Jones GRD
More on the inhibition of the urease reaction by boric
acid
Ann Clin Biochem
(Jul) 34:430-432 1997

Boric acid is commonly used as a preservative for urinary
specimens to inhibit bacterial growth during the collection
period. Concentrations of 5-15 g/L boric acid were used in the
past to inhibit bacterial growth. Other urine preservatives
include thiomersal and sodium azide, not popular because of their
toxicity, or hydrochloric acid, which apparently needs to reduce
urine pH to below 2.0 to prevent bacterial growth.
There are four techniques in current use to measure urea
concentrations. In one method, urea reacts directly with
diacetyl monoxime to form a colored product (Fearon reaction).
In the other three techniques, urea is first converted to ammonia
by reacting it with urease. Ammonia is a charged ion and will
increase the conductivity of the reaction mixture. In one urease
method the amount of generated ammonia is assessed directly by
conductivity measurements. In a second technique, the ammonium
reacts with phenol or salicylate to form a blue or green dye
(Berthelot reaction).
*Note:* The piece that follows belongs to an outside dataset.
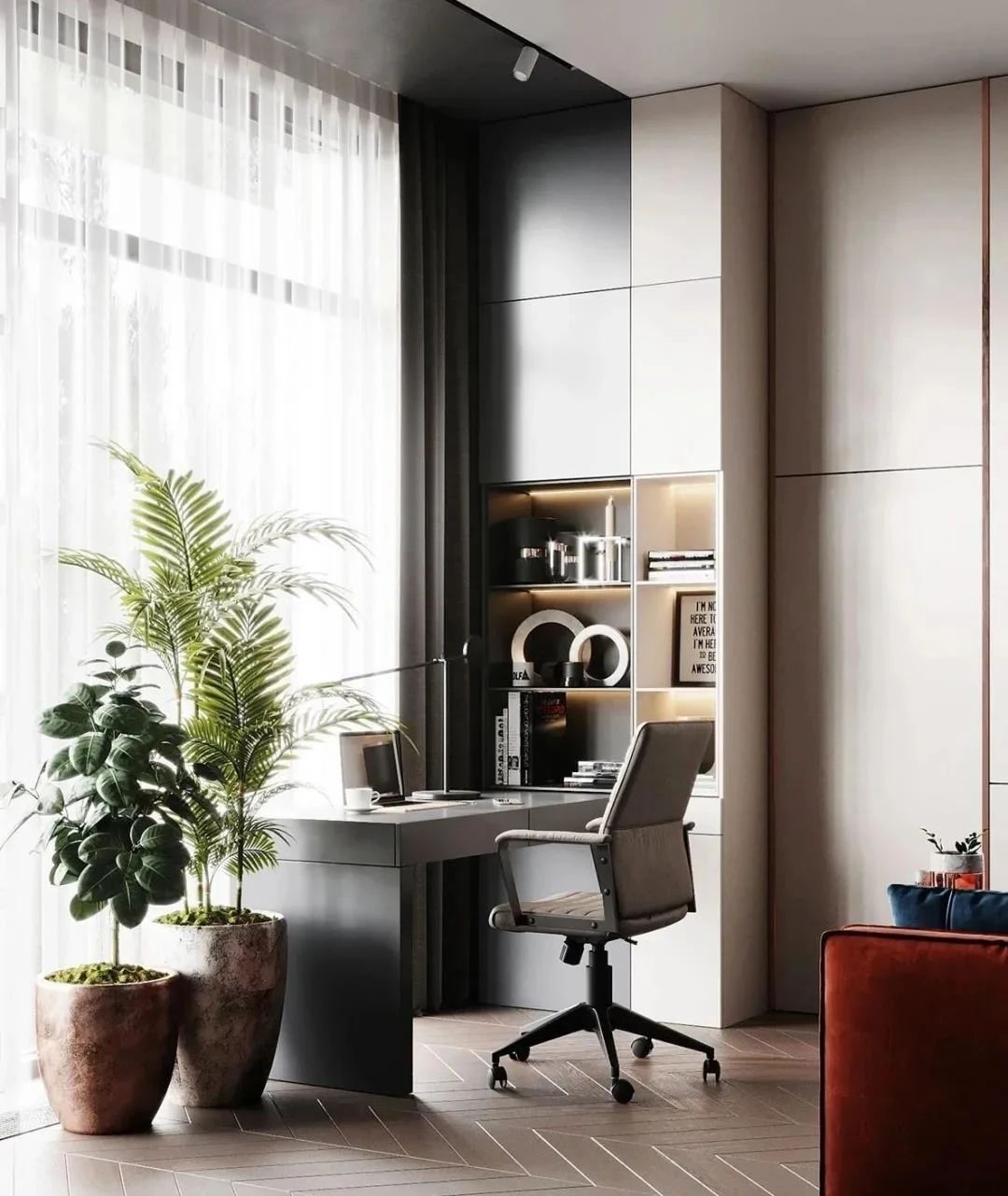 如果家里的儲(chǔ)物需求不大,我們可以利用陽(yáng)臺(tái)的布局,靠墻安裝書柜,再將書桌完美融合進(jìn)去,營(yíng)造出一個(gè)安靜舒適的工作學(xué)習(xí)區(qū)。封閉柜與開放格相搭配,收納與展示兩不誤,還不顯壓抑。這效果感覺白賺一間房有沒有!

In a third method, widely used in
autoanalyzers, the generated ammonia is used to drive the
enzymatic conversion of alpha-ketoglutarate to glutamate in a
reaction that involves oxidation of NADH to NAD. The
concentration of NAD that is generated is assessed by UV
spectroscopy, using either an endpoint or a kinetic method (for a
review of all of these methods, see Taylor AJ and Vadgama P.
Analytical reviews in clinical biochemistry: the estimation of
urea. (Ann Clin Biochem 1992;29:245-264).
In an earlier, 1993 paper, Mazurkiewicz and colleagues (Ann
Clin Biochem 1993; 30:215-216) found that boric acid
inhibited urease-based methods of urea analysis. The inhibition
was not present with an older, colorimetric diacetyl monoxime
method of urea analysis. The inhibition was about 10% at 10g/L
boric acid concentration with an automated paired enzyme method,
but only 5% using a urease method in which ammonia is detected by
a non-enzymatic technique (Berthelot reaction). From this result
it was hypothesized
that perhaps boric acid was inhibiting BOTH urease and the
glutamate dehydrogenase reaction, although this hypothesis was
not tested further. The conclusion of the Mazurkiewicz paper
was, that the boric acid concentration should not exceed 2g/L.
In the present paper, Jones studied the effects of boric acid on
urine urea samples using the urease-conductivity method (Beckman)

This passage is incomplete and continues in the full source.